▸ WORK REQUEST: Make an exact transcript of the lines in the data below, starting with the one containing "三輻式真皮方向盤造型與國(g" and going on through the one containing "Armored vehicles attached", with both included and the pictures left out.

▸ PROVIDED DATA:
'''
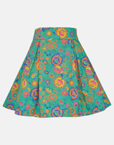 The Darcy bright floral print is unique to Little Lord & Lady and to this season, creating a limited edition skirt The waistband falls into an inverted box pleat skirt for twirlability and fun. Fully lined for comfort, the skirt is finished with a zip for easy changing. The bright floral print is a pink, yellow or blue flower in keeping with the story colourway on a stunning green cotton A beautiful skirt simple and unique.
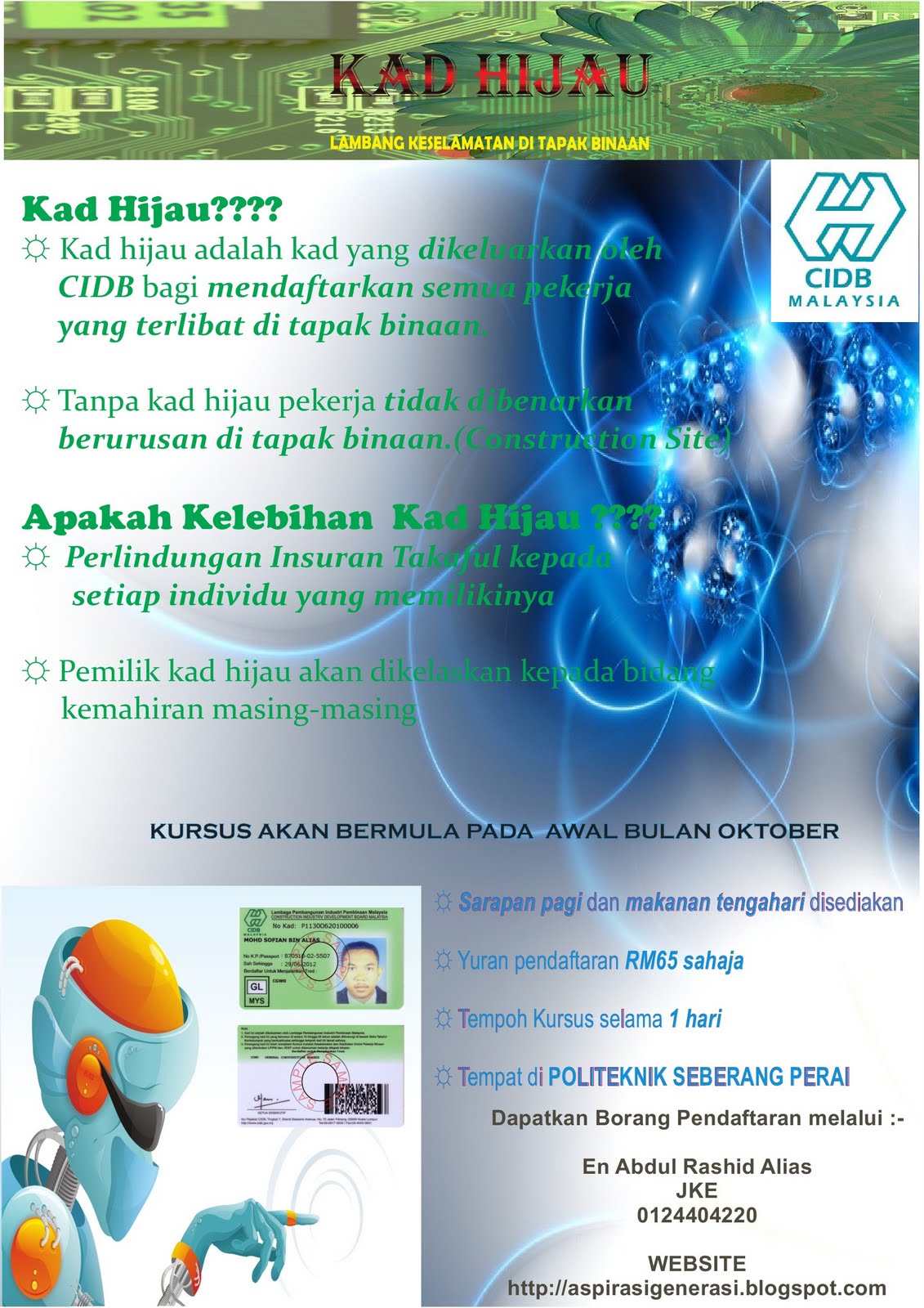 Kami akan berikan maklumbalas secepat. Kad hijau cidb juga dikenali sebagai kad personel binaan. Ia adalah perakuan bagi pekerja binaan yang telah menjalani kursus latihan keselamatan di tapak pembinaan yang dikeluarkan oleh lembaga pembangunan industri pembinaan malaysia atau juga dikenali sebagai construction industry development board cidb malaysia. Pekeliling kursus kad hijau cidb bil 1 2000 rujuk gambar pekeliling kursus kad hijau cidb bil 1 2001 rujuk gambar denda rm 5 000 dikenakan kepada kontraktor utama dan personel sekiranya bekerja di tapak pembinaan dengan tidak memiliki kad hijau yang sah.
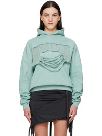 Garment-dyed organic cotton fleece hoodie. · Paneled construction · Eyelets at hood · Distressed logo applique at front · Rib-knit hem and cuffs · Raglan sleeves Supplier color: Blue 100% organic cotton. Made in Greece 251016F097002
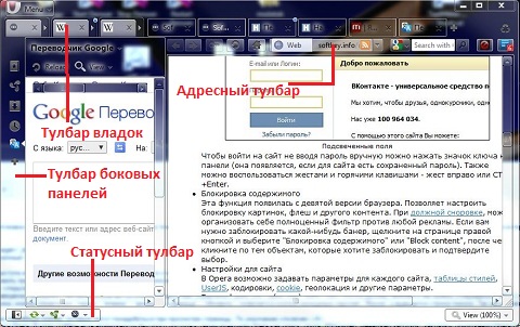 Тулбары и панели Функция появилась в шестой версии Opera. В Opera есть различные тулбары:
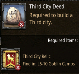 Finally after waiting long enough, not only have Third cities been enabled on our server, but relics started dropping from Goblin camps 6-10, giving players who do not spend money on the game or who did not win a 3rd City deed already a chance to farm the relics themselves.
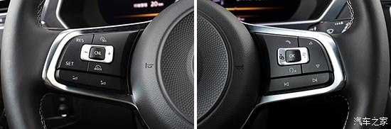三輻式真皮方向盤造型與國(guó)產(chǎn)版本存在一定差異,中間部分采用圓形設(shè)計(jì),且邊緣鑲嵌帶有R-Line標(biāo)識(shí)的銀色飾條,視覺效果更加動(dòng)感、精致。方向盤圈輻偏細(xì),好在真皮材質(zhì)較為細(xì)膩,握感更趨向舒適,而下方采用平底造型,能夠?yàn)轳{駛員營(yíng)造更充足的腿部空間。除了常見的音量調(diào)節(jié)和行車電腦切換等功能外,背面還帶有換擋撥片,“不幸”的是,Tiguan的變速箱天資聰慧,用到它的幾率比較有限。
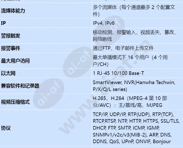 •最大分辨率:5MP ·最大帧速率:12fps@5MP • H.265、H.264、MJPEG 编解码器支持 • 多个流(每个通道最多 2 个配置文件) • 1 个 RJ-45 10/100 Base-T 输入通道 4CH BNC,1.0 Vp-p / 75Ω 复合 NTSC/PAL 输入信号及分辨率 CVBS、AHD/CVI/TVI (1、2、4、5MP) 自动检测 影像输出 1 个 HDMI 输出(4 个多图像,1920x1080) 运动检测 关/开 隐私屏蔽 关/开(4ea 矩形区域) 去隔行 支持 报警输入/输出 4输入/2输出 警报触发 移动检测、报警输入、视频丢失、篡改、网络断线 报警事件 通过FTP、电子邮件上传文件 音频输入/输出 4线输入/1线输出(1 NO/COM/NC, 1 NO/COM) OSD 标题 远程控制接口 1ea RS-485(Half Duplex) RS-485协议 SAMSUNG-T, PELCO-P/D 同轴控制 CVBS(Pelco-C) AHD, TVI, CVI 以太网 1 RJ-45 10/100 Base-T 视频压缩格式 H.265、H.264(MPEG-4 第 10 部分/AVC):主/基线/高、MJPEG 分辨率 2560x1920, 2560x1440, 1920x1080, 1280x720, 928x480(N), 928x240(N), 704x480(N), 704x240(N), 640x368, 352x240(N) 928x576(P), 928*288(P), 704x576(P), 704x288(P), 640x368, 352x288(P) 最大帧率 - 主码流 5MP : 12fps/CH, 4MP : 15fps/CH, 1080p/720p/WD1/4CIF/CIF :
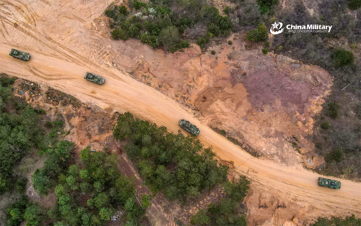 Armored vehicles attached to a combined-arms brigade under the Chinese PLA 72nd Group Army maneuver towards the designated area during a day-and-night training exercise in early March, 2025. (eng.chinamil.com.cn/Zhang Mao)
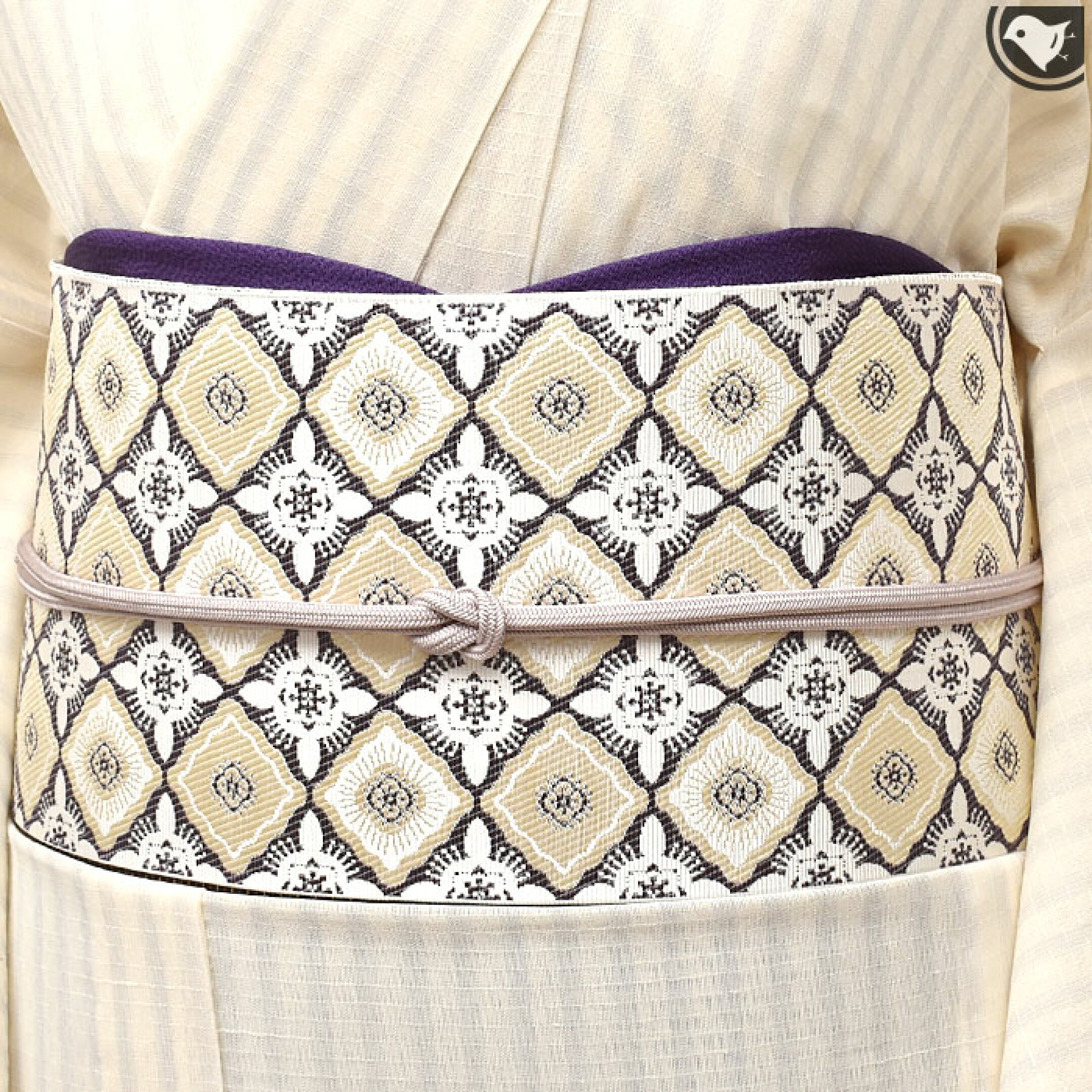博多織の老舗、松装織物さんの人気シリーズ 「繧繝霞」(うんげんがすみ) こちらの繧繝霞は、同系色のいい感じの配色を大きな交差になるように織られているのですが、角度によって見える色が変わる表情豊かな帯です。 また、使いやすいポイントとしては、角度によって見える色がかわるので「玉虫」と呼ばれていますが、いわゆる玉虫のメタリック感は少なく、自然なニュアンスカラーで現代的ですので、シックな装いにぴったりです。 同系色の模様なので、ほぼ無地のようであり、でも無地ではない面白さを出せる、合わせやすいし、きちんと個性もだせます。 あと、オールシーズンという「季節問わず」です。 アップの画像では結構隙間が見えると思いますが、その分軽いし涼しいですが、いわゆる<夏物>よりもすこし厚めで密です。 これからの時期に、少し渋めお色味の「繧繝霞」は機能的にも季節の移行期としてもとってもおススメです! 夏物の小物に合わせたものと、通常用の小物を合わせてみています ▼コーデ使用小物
'''
▸ RESULT:
三輻式真皮方向盤造型與國(guó)產(chǎn)版本存在一定差異,中間部分采用圓形設(shè)計(jì),且邊緣鑲嵌帶有R-Line標(biāo)識(shí)的銀色飾條,視覺效果更加動(dòng)感、精致。方向盤圈輻偏細(xì),好在真皮材質(zhì)較為細(xì)膩,握感更趨向舒適,而下方采用平底造型,能夠?yàn)轳{駛員營(yíng)造更充足的腿部空間。除了常見的音量調(diào)節(jié)和行車電腦切換等功能外,背面還帶有換擋撥片,“不幸”的是,Tiguan的變速箱天資聰慧,用到它的幾率比較有限。
 •最大分辨率:5MP ·最大帧速率:12fps@5MP • H.265、H.264、MJPEG 编解码器支持 • 多个流(每个通道最多 2 个配置文件) • 1 个 RJ-45 10/100 Base-T 输入通道 4CH BNC,1.0 Vp-p / 75Ω 复合 NTSC/PAL 输入信号及分辨率 CVBS、AHD/CVI/TVI (1、2、4、5MP) 自动检测 影像输出 1 个 HDMI 输出(4 个多图像,1920x1080) 运动检测 关/开 隐私屏蔽 关/开(4ea 矩形区域) 去隔行 支持 报警输入/输出 4输入/2输出 警报触发 移动检测、报警输入、视频丢失、篡改、网络断线 报警事件 通过FTP、电子邮件上传文件 音频输入/输出 4线输入/1线输出(1 NO/COM/NC, 1 NO/COM) OSD 标题 远程控制接口 1ea RS-485(Half Duplex) RS-485协议 SAMSUNG-T, PELCO-P/D 同轴控制 CVBS(Pelco-C) AHD, TVI, CVI 以太网 1 RJ-45 10/100 Base-T 视频压缩格式 H.265、H.264(MPEG-4 第 10 部分/AVC):主/基线/高、MJPEG 分辨率 2560x1920, 2560x1440, 1920x1080, 1280x720, 928x480(N), 928x240(N), 704x480(N), 704x240(N), 640x368, 352x240(N) 928x576(P), 928*288(P), 704x576(P), 704x288(P), 640x368, 352x288(P) 最大帧率 - 主码流 5MP : 12fps/CH, 4MP : 15fps/CH, 1080p/720p/WD1/4CIF/CIF :
 Armored vehicles attached to a combined-arms brigade under the Chinese PLA 72nd Group Army maneuver towards the designated area during a day-and-night training exercise in early March, 2025. (eng.chinamil.com.cn/Zhang Mao)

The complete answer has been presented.